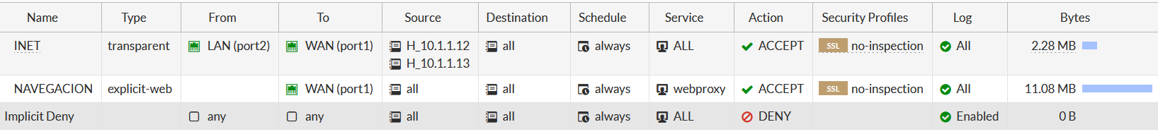 Crearemos las reglas que nos permitan la navegación. Probaremos una regla de tipo transparente y otra explicita. En las reglas explicitas los clientes deberán configurar manualmente la IP del proxy y el puerto, para las reglas transparentes los clientes no deberán realizar ninguna configuración adicional pero su default gateway deberá ser el FortiProxy:
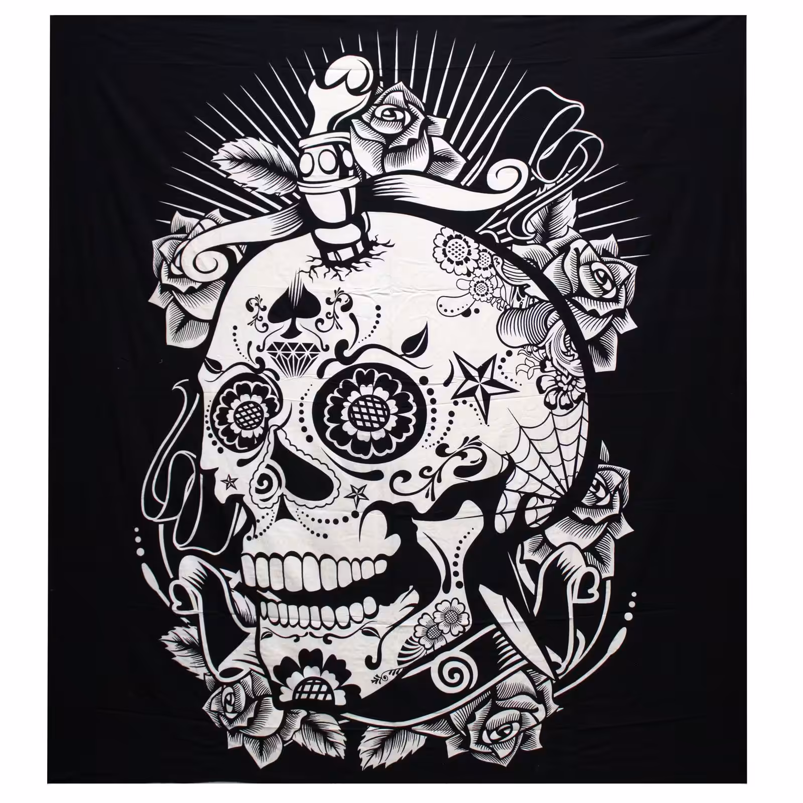 B&W Double Cotton Bedspread + Wall Hanging – Rose Skull
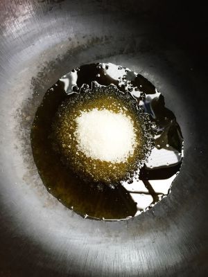 锅里倒少许油,加入白糖,开始熬

• TASK TO COMPLETE:
Produce a word-for-word version of the material, with no pictures included.

• FINISHED TASK:
 Crearemos las reglas que nos permitan la navegación. Probaremos una regla de tipo transparente y otra explicita. En las reglas explicitas los clientes deberán configurar manualmente la IP del proxy y el puerto, para las reglas transparentes los clientes no deberán realizar ninguna configuración adicional pero su default gateway deberá ser el FortiProxy:
 B&W Double Cotton Bedspread + Wall Hanging – Rose Skull
 锅里倒少许油,加入白糖,开始熬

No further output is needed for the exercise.